Nerwowa reakcja na krytykę nie kładzie jej kresu. Przeciwnie, rodzi w oceniającym przekonanie, że ma rację w tym, co mówi. — Richard Carlson
Witamy na Opieprzu!
wtorek, 9 lutego 2010
(518) papierowemysli
Barbarzyńca imieniem Kapibara zrobił rozpierduchę u Vowla i podpalił jej
papierowe myśli. Jak się zapewne domyślacie, ocena nie jest wysokich lotów, ale to już chyba reguła.
Pierwsze wrażenie: 5/10
Cóż, trzeba przyznać, że zalążek pierwszego wrażenia wykiełkował jeszcze przed otwarciem bloga.

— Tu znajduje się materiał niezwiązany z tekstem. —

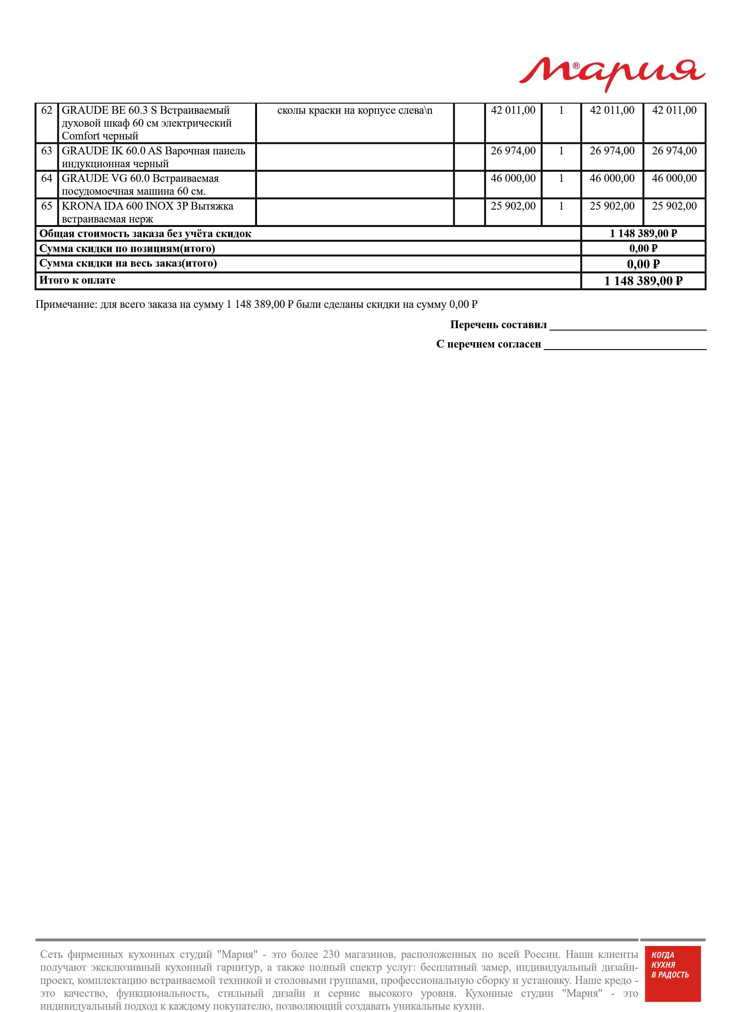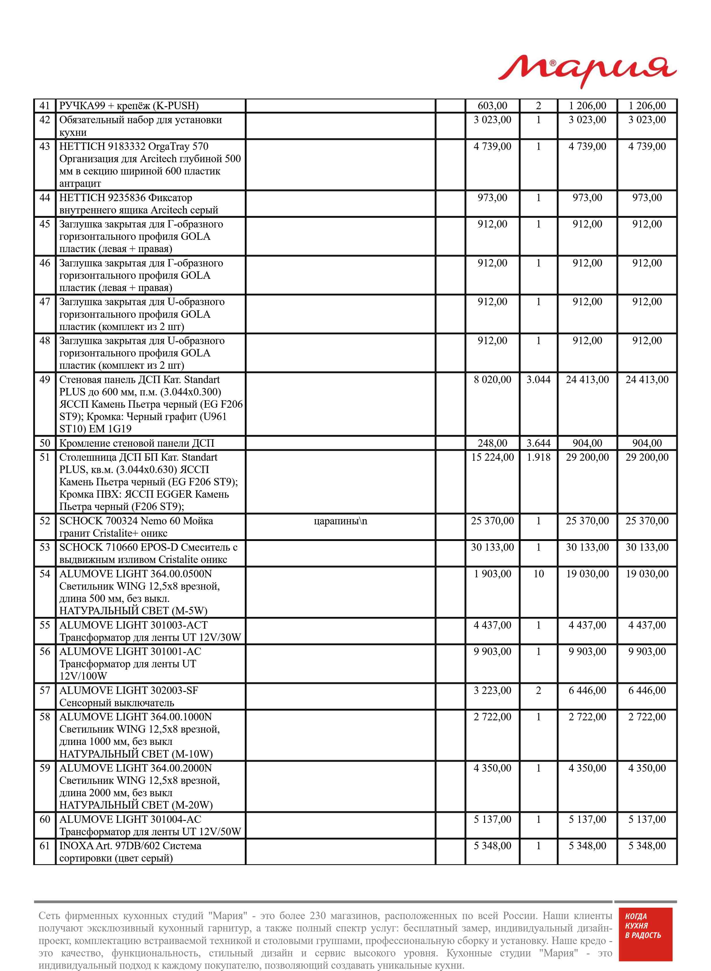 Стоимость данной кухни складывается из:

Otóż, pewnego, niekoniecznie słonecznego dnia, otwieram swoja skrzynkę mailową, a tam - wiadomość! Nie pamiętam dokładnie jej treści, ale za to zapamiętałem jeden, bardzo zabawny szczególik. Otóż stwierdziłaś, że nie piszesz wierszy, a "zupy emocjonalne". Hm, tyle że cała liryka składa się
z emocji. Nawet jej definicja głosi dumnie: "W liryce podmiot liryczny opowiada
o swoich uczuciach". Czy tylko ja tu widzę jakąś tajemniczą sprzeczność?

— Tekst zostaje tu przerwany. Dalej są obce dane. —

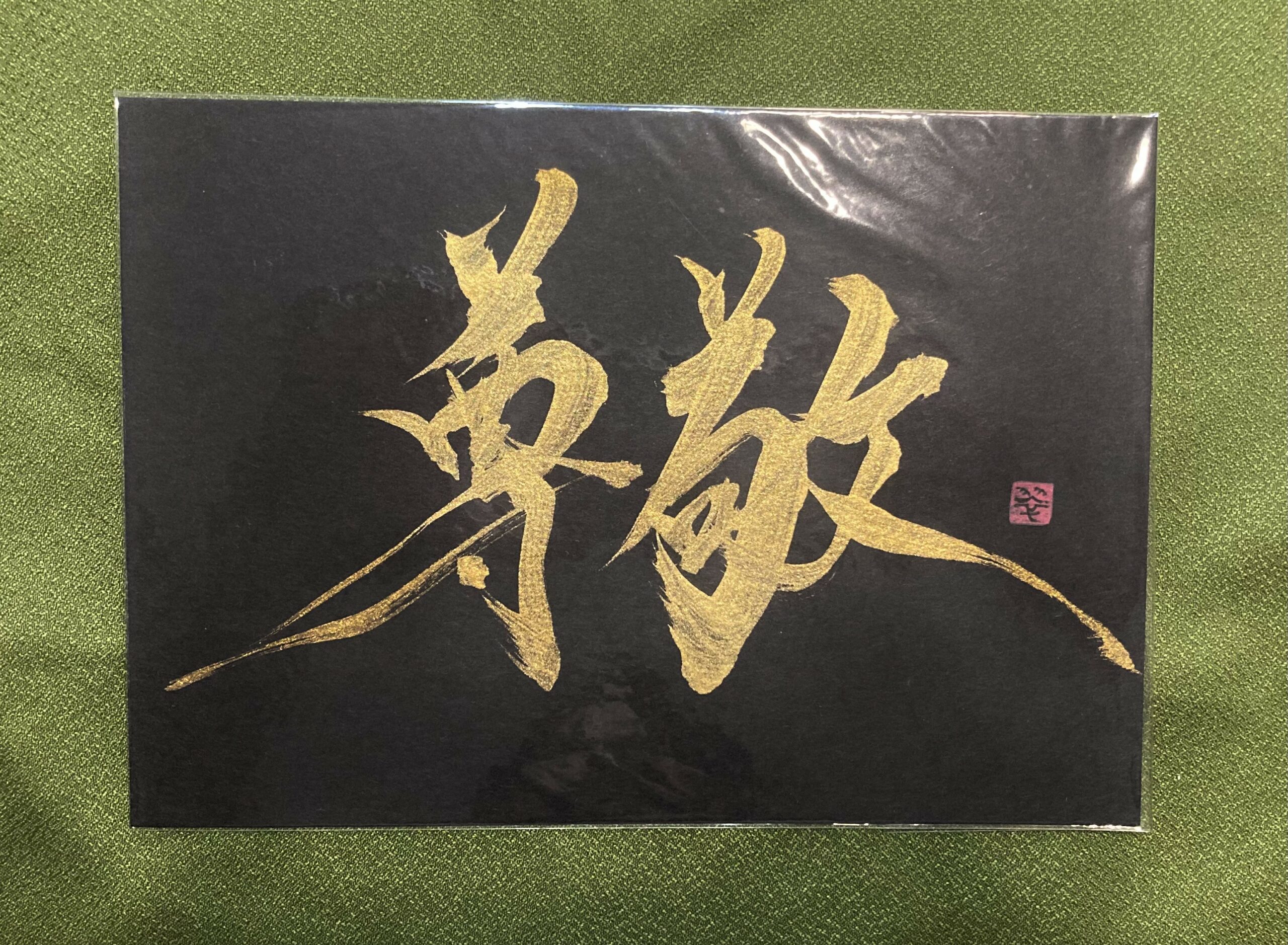尊敬 sonkei, Respect – calligraphie dorée sur fond noir, format A5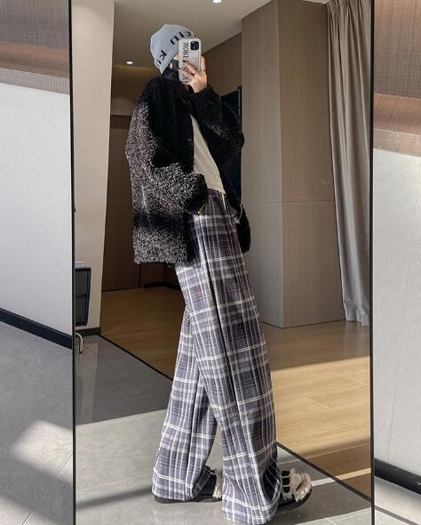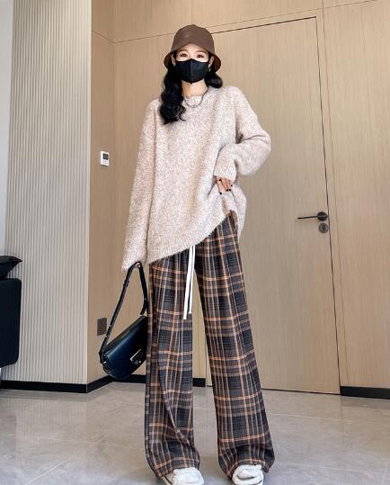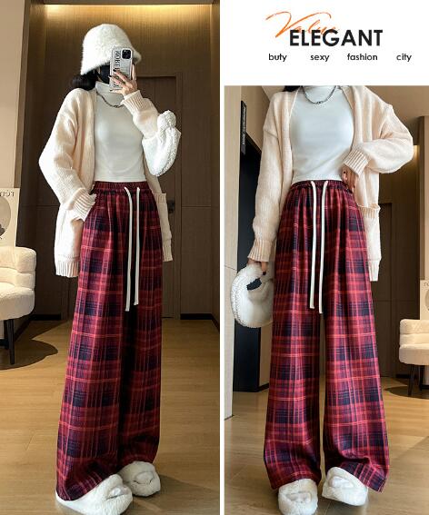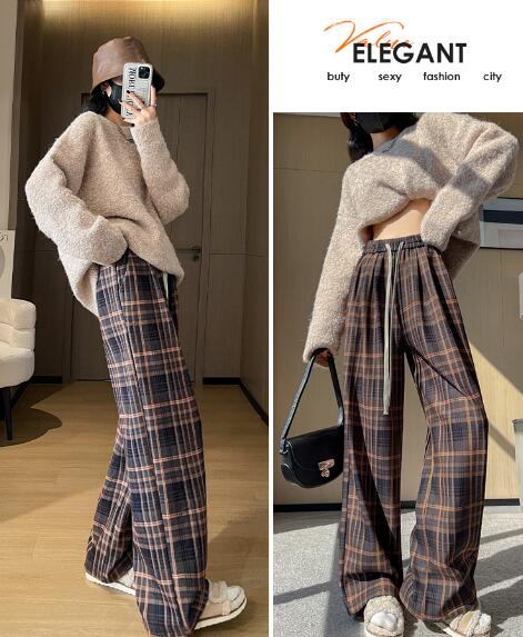 チェックパンツズボンボトムスゴムハイウ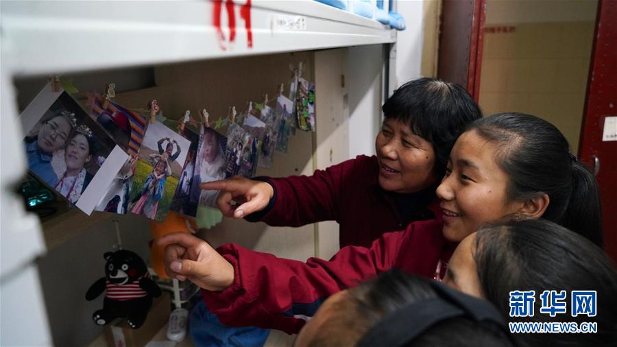 11月16日,南昌市第十七中學(xué)西藏班的學(xué)生通過照片給“愛心媽媽”劉和平(左一)介紹家中情況。新華社記者 胡晨歡 攝

Poświęćmy teraz chwilę adresowi. Wyciągamy Prawie Realną Kartkę i zapisuję swoje skojarzenia.
Papierowe myśli, myśli z papieru; łatwe do zniszczenia; ulotne, szybko zanotowane myśli; papier toaletowy, 'dodupne' myśli. Jak widać jest wiele skojarzeń. Im więcej takowych, tym lepiej. Wprawdzie adres lepiej prezentowałby się oddzielony myślnikami. Zdaje mi się jednak, że taki blog padł ofiarą Tosi, więc zniosę brak jednej, małej kreseczki. Co do belki, także w pewien sposób zachwyca. "Internetowa makulatura umysłowa".

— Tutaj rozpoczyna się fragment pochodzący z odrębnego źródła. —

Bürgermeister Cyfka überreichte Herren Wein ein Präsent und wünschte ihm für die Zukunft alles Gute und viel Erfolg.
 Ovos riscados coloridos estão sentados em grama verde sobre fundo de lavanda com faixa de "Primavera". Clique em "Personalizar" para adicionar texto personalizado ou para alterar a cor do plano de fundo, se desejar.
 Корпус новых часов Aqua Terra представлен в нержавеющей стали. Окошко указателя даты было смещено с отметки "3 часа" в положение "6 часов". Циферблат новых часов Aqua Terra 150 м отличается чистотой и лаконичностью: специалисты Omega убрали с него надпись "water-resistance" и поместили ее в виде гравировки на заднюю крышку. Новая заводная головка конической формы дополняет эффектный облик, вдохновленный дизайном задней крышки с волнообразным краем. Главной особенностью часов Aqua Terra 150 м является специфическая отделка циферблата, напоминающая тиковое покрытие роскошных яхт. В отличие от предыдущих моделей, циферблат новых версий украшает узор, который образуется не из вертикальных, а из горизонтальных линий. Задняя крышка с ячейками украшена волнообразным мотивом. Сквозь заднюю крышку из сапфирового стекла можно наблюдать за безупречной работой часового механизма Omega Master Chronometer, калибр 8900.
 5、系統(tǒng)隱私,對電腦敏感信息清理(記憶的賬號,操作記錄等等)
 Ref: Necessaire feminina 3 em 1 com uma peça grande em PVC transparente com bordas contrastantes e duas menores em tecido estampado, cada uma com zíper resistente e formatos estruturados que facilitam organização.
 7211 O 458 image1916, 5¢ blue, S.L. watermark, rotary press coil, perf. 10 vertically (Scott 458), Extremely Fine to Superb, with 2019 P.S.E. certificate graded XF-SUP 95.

Przejdźmy teraz do szablonu. Cóż, wcześniejszy bardziej mi się podobał. Wtedy było przytulnie, miło i kameralnie (w metaforycznym znaczeniu). Teraz pałeczkę przejął niebieski, który sprawia, że dostałem minus dziesięć do humoru. Lepiej było nie zmieniać szablonu, bo ta wersja wypada łyso. Mówi się trudno, ne?
Nagłówek: 5/5
Muszę przyznać, że w tamtej wersji podobał mi się bardziej, z tych samych powodów, z jakich szablon. Z drugiej jednak strony widać było na koszulce wzorki/napisy. Teraz tego nie ma. Jeśli chodzi o stosunek nagłówka do całości - jest w pewien sposób refleksyjny, a co najważniejsze - własnoręcznie wykonany. Ktoś ten guziczek w aparacie musiał nacisnąć (no, niekoniecznie). W każdym bądź razie wygrywasz całą pulę.
Treść: 6/10
Zalatuje mi tutaj poezją. Lubię wiersze ('zupy emocjonalne' chyba też). Pozwolisz, że zaczniemy od wpisu, pod który znalazłem informację o ocenie od Vi. Czyli od postu "Westchnienie". I bynajmniej nie chodzi o Wielki Post.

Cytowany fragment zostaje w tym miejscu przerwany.